How is this working in practice?  I have heard of a bank using this clause to tell some senior employees that they could not apply for clearance from them because of their finances. 



> 5. FINANCIAL SOUNDNESS
> 5.1 A person shall manage his or her affairs in a sound and prudent manner.
> 5.2 Without prejudice to the generality of paragraph 5.1, *a person must be able to demonstrate that his or her role in a relevant function is not adversely affected to a material degree by the fact that one or more of the following may be applicable:  *
> (a)  the person has defaulted upon any payment due arising from a compromise or scheme of arrangement with his or her creditors or made an assignment for the benefit of  his or her creditors;
> ...


----------



## Palerider (16 Sep 2013)

I am also aware of this in one high profile case that was the subject of a High Court Ex Parte application and was previously reported in the media, not sure how that one panned out but you raise an interesting point.

How many ex Bankers who retired or departed on severance are heavily indebted and now working for other Banks on a full or part-time basis when in arrears to that same new Bank employer..?

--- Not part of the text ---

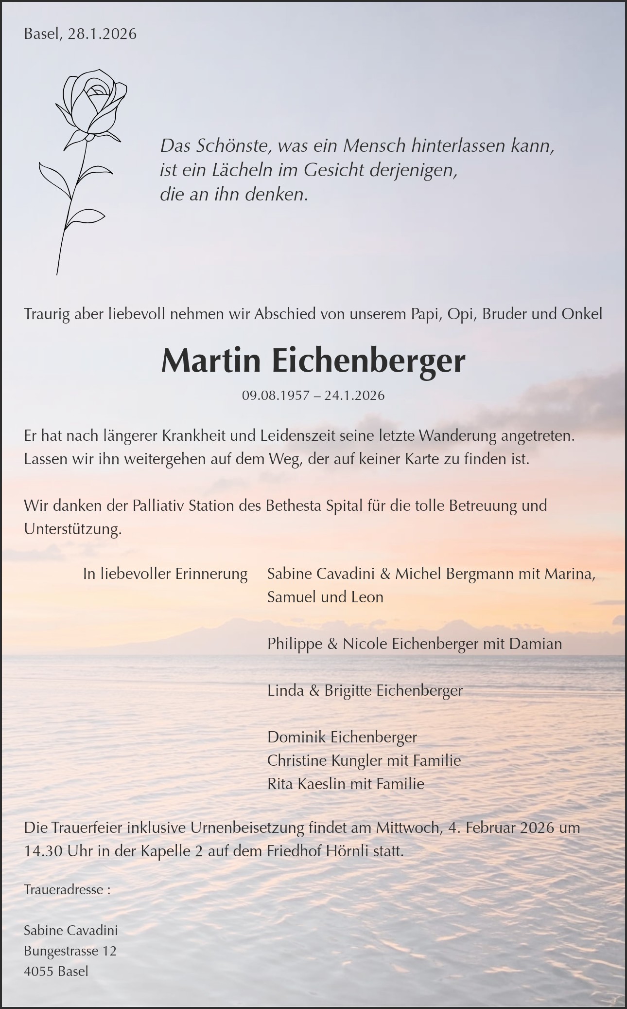 Traueradresse : Sabine Cavadini Bungestrasse 12 4055 Basel

I know of one and when I heard I was genuinely astonished that the new Bank employer did not screen new employees to establish if they were already a customer. This person is heavily in arrears with them and they are on a contract without the Banks direct knowledge of their arrears and indebtedness. This Bank is chasing a guy who is non responsive when he actually works in the same building and is on the payroll ...whether by contract or direct I'm not sure but does it matter.

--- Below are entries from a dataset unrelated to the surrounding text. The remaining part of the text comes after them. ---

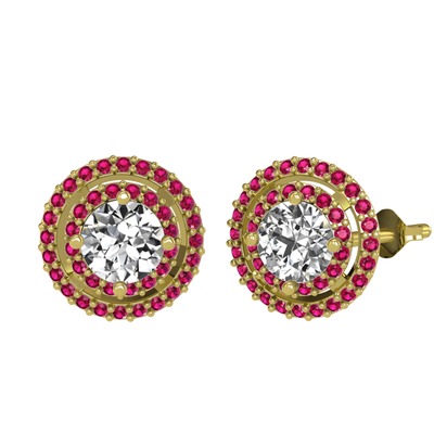 Beyaz zirkon ve rodolit garnet 8 ayar altın küpe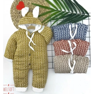 6-9-12-18 Ay Düğme Kapamalı Kulaklı Kapşonlu Triko Kumaş Kız Erkek Bebek Tulumu Sarı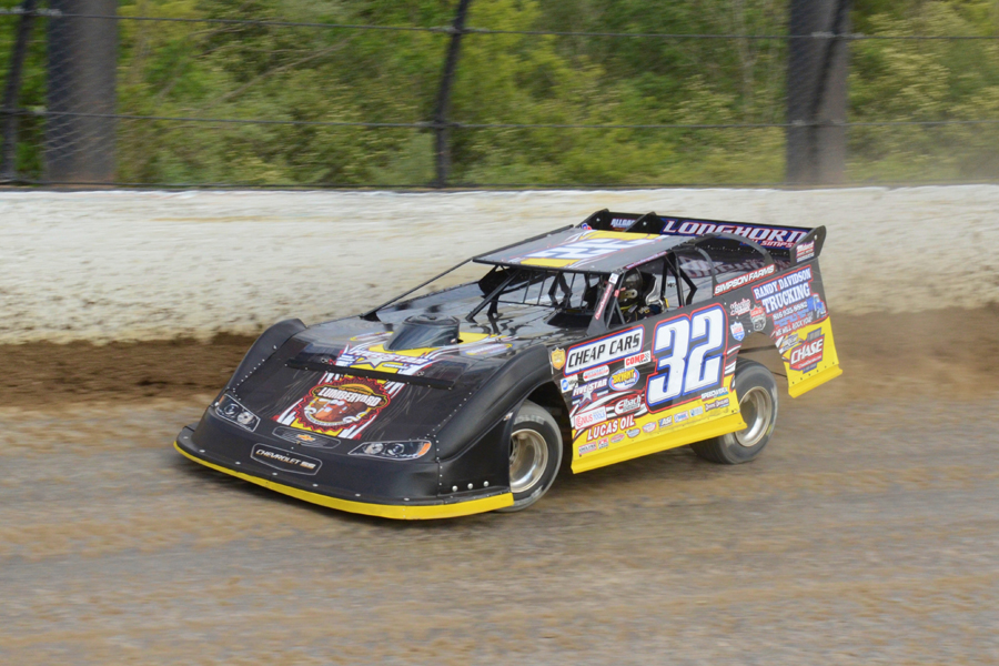 Chris Simpson hard on the throttle during the 'Dirt Late Model Dream' weekend at Eldora (OH) Speedway - Todd Healy Photo

A freedom of information question to the State Banks might throw up some right chancers, Isn't the best place to hide always in open view, a great little country..


----------



## 44brendan (16 Sep 2013)

The rules do apply but not to all bank staff. They apply to those in senior positions (CEO etc) and those in monitoring or controlling positions and interfacing with customers. I have come across cases where some staff in extreme financial difficulties were shifted from their existing roles as they did not pass the fitness and probity test. I have also come across one unfortunate member of staff who was sacked as he did not declare his financial difficulties to the Bank. 
The rules are there and to my knowledge all banks have a policy of enforcing them. Obviously they can only do this where they are aware of the financial circumstances of staff. As from my earlier example tere are severe reprecussions on those who fail to disclose a major financial difficulty to the empolyer.


----------



## Brendan Burgess (16 Sep 2013)

44brendan said:


> I have also come across one unfortunate member of staff who was sacked as he did not declare his financial difficulties to the Bank. ...
> As from my earlier example tere are severe reprecussions on those who fail to disclose a major financial difficulty to the empolyer.



brendan 

That is very interesting. But where does it say that the employee must disclose their financial circumstances with their employer? 

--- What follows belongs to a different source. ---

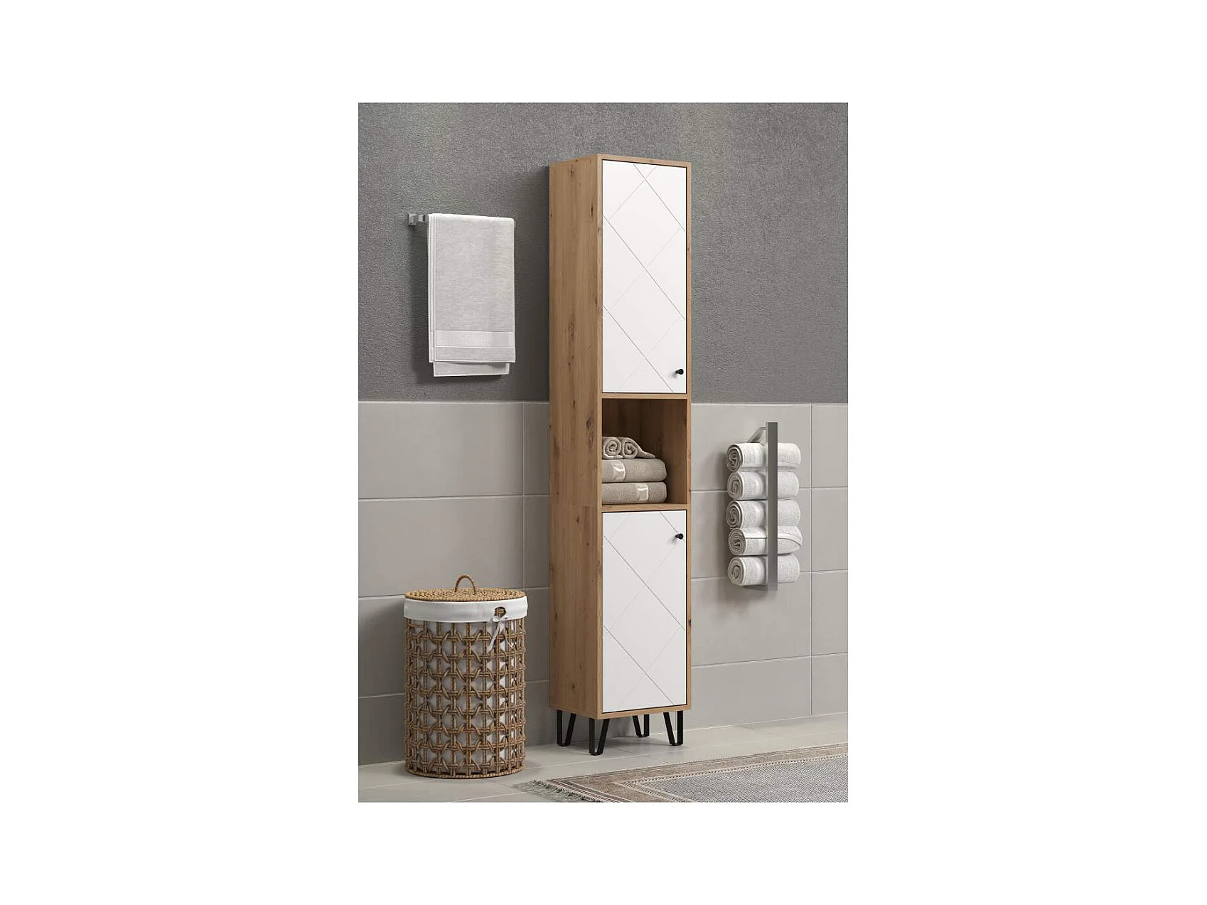 Touch Hochschrank Bad wandhängend Eiche dekor, weiß matt.

Is this a CB requirement? 

Or was it in the employment contract? 

It would not occur to me to advise someone working in a senior position in a bank that they should disclose their problems to their employer. Although I have told one that he would need to check out the Fitness and Probity requirements for himself.


----------



## 44brendan (16 Sep 2013)

Our bank had a number of regional meetings with all staff required to attend. The requlations were clearly laid out as was the obligation to disclose any issues. This disclosure would not in itself be an issue for staff employment, but would give the Bank an awareness of a staff members unsuitability to fulfill certain roles. Failure to disclose would be a breach of contract (don't ask me exactly how!!). The actual circumstances of a breach are in reality where a person has not complied with a scheme of arrangement or is made bankrupt etc! i.e. the financial difficulties would need to be severe and the debtor is likely to have avoided all attempts to reach a solution.


----------



## millieforbes (16 Sep 2013)

Isn't financial conduct typically captured in Bank's Code of Conduct that staff are asked to re-affirm they adhere to each year? I guess a false declaration would be considered gross misconduct?


----------